_Required action_.
The required output is a verbatim transcription of the listing, pictures excluded.

_Source data_.
☆ ☆ ☆ ☆ ☆ ☆ ☆

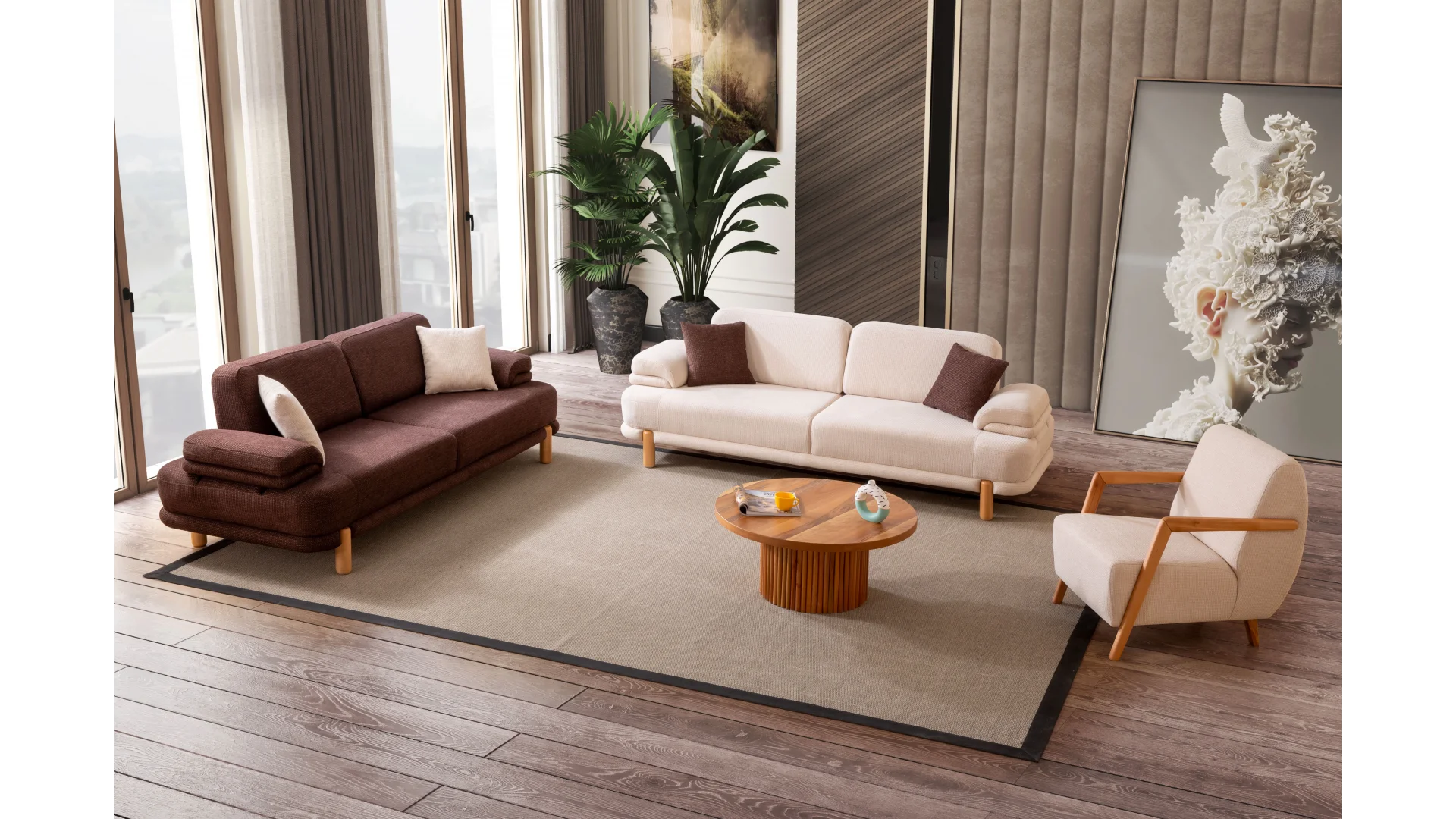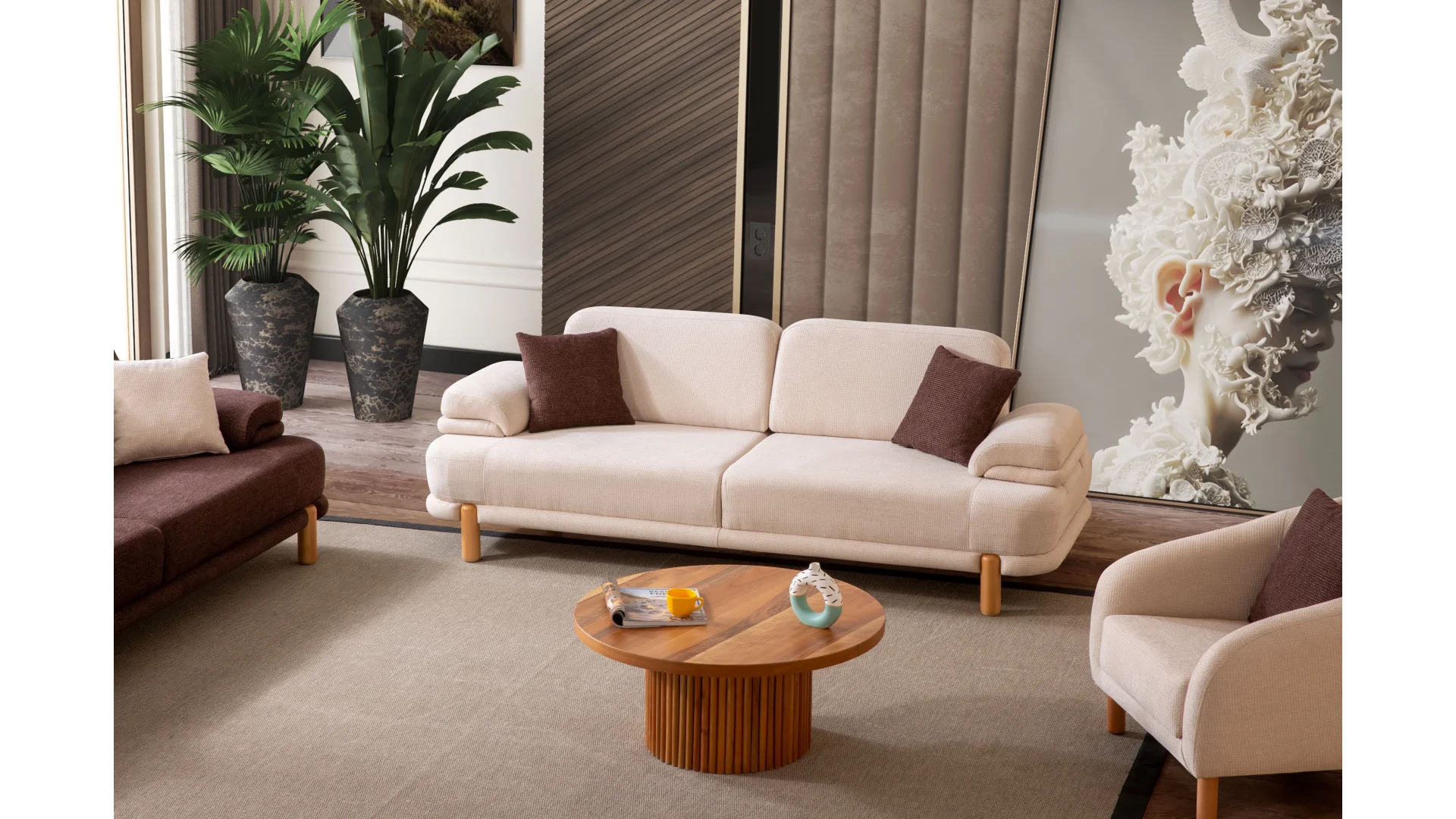 Occo Home Koltuk markasının Roma Koltuk Takımı, şıklığı ve konforu bir araya getiriyor. Oturma odalarınızı en şık şekilde dekore etmek için ideal bir seçimdir. Ürün Özellikleri:
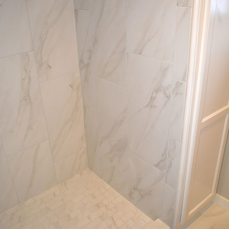 Classic and timeless with textures of white. This bathroom went from blue tile and busy wallpaper, to layers of grey and white.
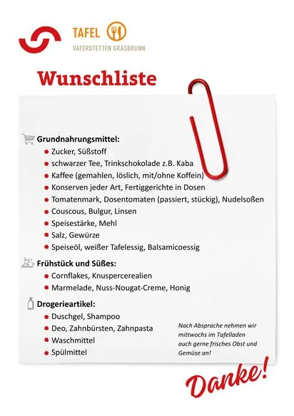 Frische Produkte wie Milch, Wurst oder Aufschnitt müssen regelmäßig zugekauft werden, wenn Spenden nicht ausreichen. Zudem entstehen laufende Kosten für Transport, Kühlung, Lagerung und Organisation. Auch das Tafel-Fahrzeug und die notwendige Infrastruktur werden über Spenden finanziert.
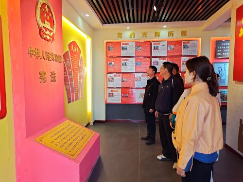 首先来到党史陈列馆前,全体党员肃立,并庄严高举右手,面向党旗重温入党誓词。随后,在讲解员的介绍下,党员同志们怀着肃穆而敬仰的心情参观了党史陈列馆,并在宪法的发展里程和民法典陈列墙面前驻足学习。最后,大家一起在铸牢中华民族共同体意识教育基地牌前,集体感悟中华民族的伟大。通过观看展出的图片、文字、实物,革命先辈坚定的革命信仰和大无畏的牺牲精神深深触动着我们,是我们学习的榜样。

☆ ☆ ☆ ☆ ☆ ☆ ☆

_Output_.
 Occo Home Koltuk markasının Roma Koltuk Takımı, şıklığı ve konforu bir araya getiriyor. Oturma odalarınızı en şık şekilde dekore etmek için ideal bir seçimdir. Ürün Özellikleri:
 Classic and timeless with textures of white. This bathroom went from blue tile and busy wallpaper, to layers of grey and white.
 Frische Produkte wie Milch, Wurst oder Aufschnitt müssen regelmäßig zugekauft werden, wenn Spenden nicht ausreichen. Zudem entstehen laufende Kosten für Transport, Kühlung, Lagerung und Organisation. Auch das Tafel-Fahrzeug und die notwendige Infrastruktur werden über Spenden finanziert.
 首先来到党史陈列馆前,全体党员肃立,并庄严高举右手,面向党旗重温入党誓词。随后,在讲解员的介绍下,党员同志们怀着肃穆而敬仰的心情参观了党史陈列馆,并在宪法的发展里程和民法典陈列墙面前驻足学习。最后,大家一起在铸牢中华民族共同体意识教育基地牌前,集体感悟中华民族的伟大。通过观看展出的图片、文字、实物,革命先辈坚定的革命信仰和大无畏的牺牲精神深深触动着我们,是我们学习的榜样。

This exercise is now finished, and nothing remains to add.